# strongs number 6388 v 6389



## Eoghan (Jun 16, 2009)

These two words seem to be the "same" but different, each is translated as peleg but have a different meaning? If the hebrew letters are the same how do we distinguish?

Do both words have the same root meaning of earthquake?


----------



## Repre5entYHWH (Jun 16, 2009)

6388 looks like it's connected to 6385 and means river or divide, so i'm guessing depending on the context it's used determines if it's earthquake or river... 

.... maybe


----------



## Contra_Mundum (Jun 16, 2009)

Language is what it is, and we have to struggle sometimes.

"see" -- (n) a bishopric
"see" -- (v) to perceive

Which is it? Look at the context.


----------



## Eoghan (Jun 16, 2009)

*Hebrew Help wanted!*

is the hebrew different?
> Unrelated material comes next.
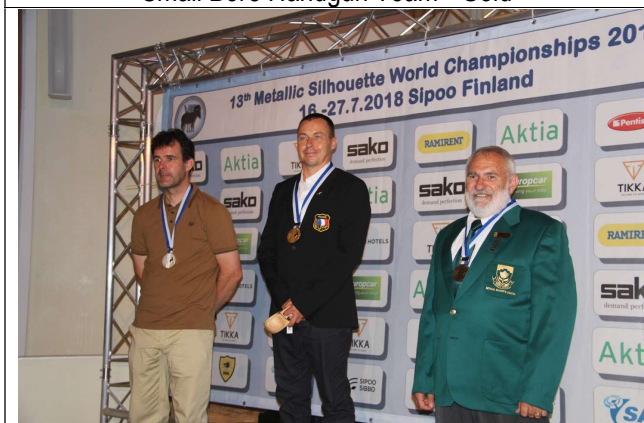
Big Bore Rifle Silhouette - Bronze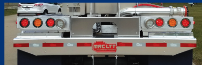
Standard Rear Ladder

If the Hebrew is different then that explains the different words - if it is the same then context alone would not be a sufficient guide to avoid ambiguity (in all cases).


----------



## Contra_Mundum (Jun 16, 2009)

It seems to me the name "Peleg" is related in some way to "peleg" which is related to a root "palag" (H6385). So, the words seem related to me.

But why should Hebrew be in any way special as a language? Why should it have zero "ambiguities"? Originally, it seems there were no "vowel points." This means that consonants were the only letters. Some words look identical, only their pronunciation differs. Some words sound similar, but their letters are actually different. Then their are the double-similarities.

What to do? What to do? If it were so, so hard to determine--practically impossible--then we'd be in trouble. But it's not. What soul-saving issue depends on a single letter (or vowel point) of the Hebrew Bible? None that I know of.

Does God owe us "ambiguity free" labor where his Word is concerned? If the Bible contains ambiguities, then it contains them. Period, full stop.

But if someone loses faith in God or his Word because of an ambiguous dagesh, or a tittle, or a yod, or ... (BartEhrman?), then I think his problem is pride. That God didn't measure up to what he thought a "reliable" God should do.


----------



## Eoghan (Jun 16, 2009)

*BA theology*

I thought all ministers had to study either Greek or Hebrew if the choice is 50:50 then half the ministers out there should be able to help me, no? I know Greek was the most daunting prospect of doing theology but with a reformed view of scripture it is almost a necessity- no?


----------



## Prufrock (Jun 16, 2009)

Eoghan, one has helped. Rev. Buchanan has provided a thoroughly adequate answer, to which it seems there is nothing more to add. Is there something specific which you feel still needs to be addressed? 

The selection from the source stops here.